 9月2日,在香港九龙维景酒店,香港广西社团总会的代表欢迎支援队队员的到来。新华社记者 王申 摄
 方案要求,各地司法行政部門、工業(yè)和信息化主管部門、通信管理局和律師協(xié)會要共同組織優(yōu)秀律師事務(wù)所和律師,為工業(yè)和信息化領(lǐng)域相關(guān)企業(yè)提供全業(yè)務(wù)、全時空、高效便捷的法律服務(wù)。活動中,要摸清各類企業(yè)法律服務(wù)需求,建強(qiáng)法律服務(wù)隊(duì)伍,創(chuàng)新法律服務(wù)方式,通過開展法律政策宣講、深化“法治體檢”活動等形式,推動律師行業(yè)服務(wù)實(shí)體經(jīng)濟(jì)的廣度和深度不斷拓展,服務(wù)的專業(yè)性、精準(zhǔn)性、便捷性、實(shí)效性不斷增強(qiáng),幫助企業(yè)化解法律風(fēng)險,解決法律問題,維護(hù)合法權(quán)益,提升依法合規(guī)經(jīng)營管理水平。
*****
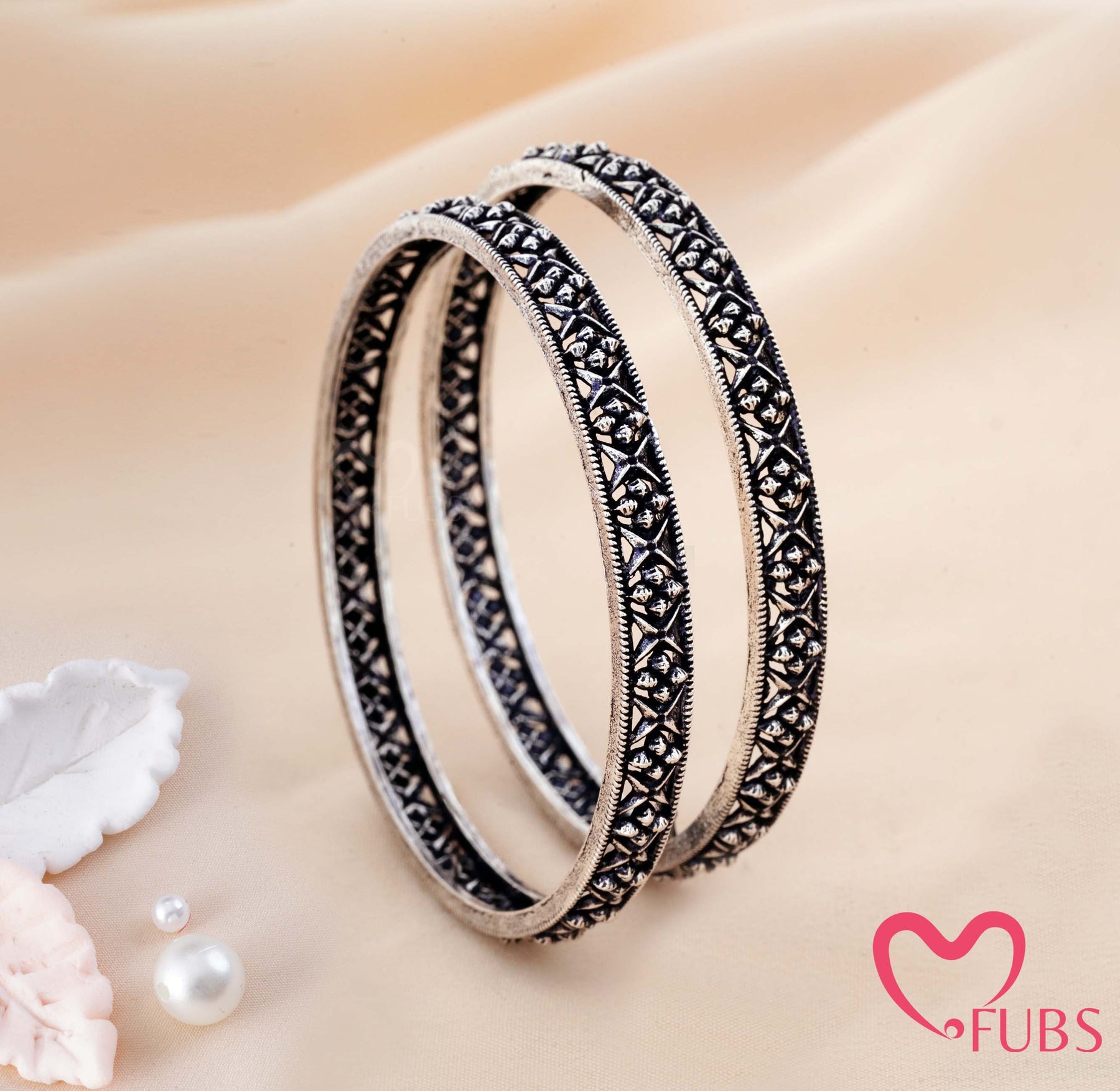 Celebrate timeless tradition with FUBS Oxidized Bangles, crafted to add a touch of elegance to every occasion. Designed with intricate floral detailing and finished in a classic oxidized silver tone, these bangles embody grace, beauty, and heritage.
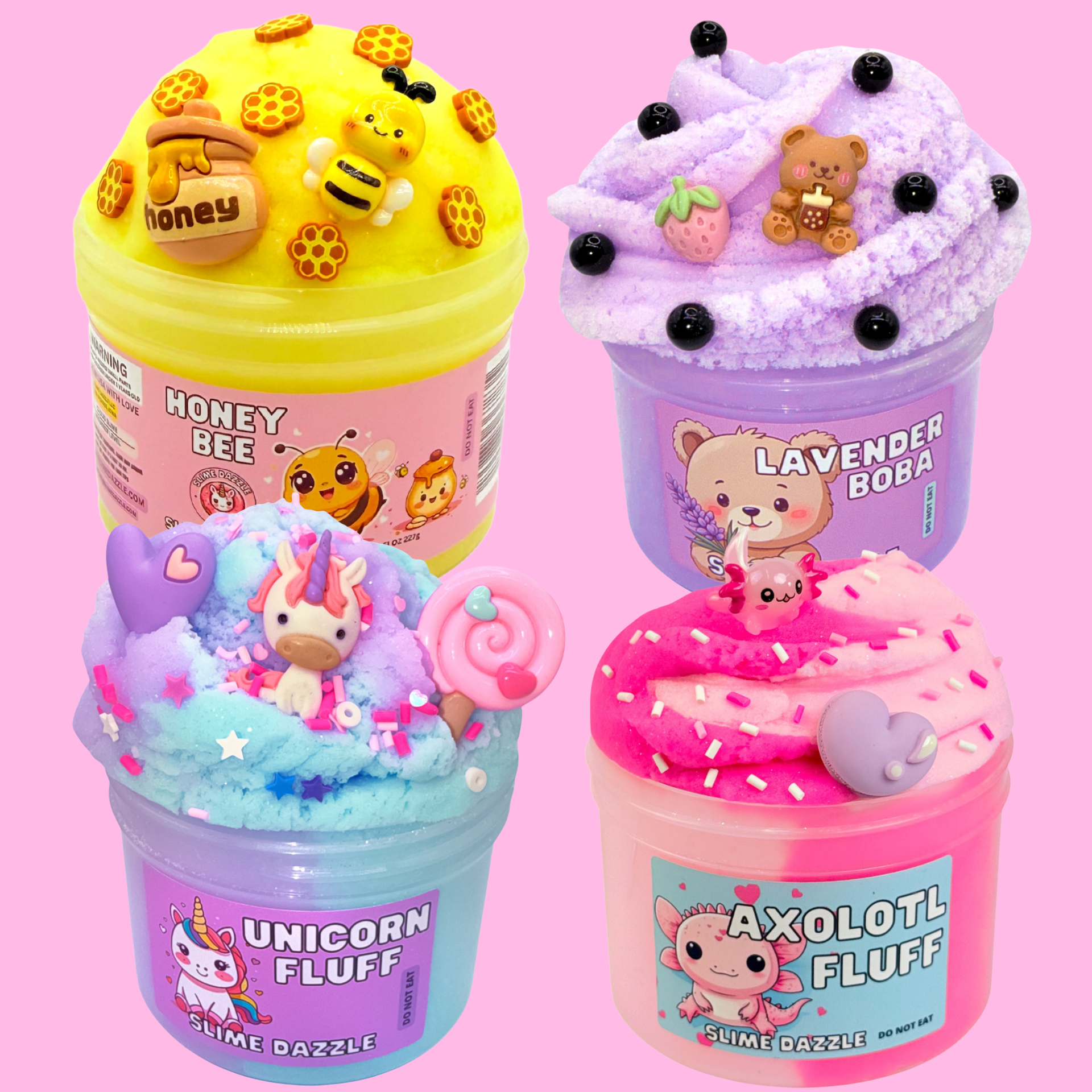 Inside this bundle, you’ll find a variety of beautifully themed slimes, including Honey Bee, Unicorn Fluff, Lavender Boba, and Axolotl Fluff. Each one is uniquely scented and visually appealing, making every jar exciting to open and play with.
*****
Task prompt: Write out exactly the lines that fall from the line with "9月2日,在香港九龙维景酒店,香港广西社团总会的代表欢迎支援队队员的到来。新华社记者 王申 摄" to the line with "方案要求,各地司法行政部門、" in the records above, keeping both ends.

Task result:
 9月2日,在香港九龙维景酒店,香港广西社团总会的代表欢迎支援队队员的到来。新华社记者 王申 摄
 方案要求,各地司法行政部門、工業(yè)和信息化主管部門、通信管理局和律師協(xié)會要共同組織優(yōu)秀律師事務(wù)所和律師,為工業(yè)和信息化領(lǐng)域相關(guān)企業(yè)提供全業(yè)務(wù)、全時空、高效便捷的法律服務(wù)。活動中,要摸清各類企業(yè)法律服務(wù)需求,建強(qiáng)法律服務(wù)隊(duì)伍,創(chuàng)新法律服務(wù)方式,通過開展法律政策宣講、深化“法治體檢”活動等形式,推動律師行業(yè)服務(wù)實(shí)體經(jīng)濟(jì)的廣度和深度不斷拓展,服務(wù)的專業(yè)性、精準(zhǔn)性、便捷性、實(shí)效性不斷增強(qiáng),幫助企業(yè)化解法律風(fēng)險,解決法律問題,維護(hù)合法權(quán)益,提升依法合規(guī)經(jīng)營管理水平。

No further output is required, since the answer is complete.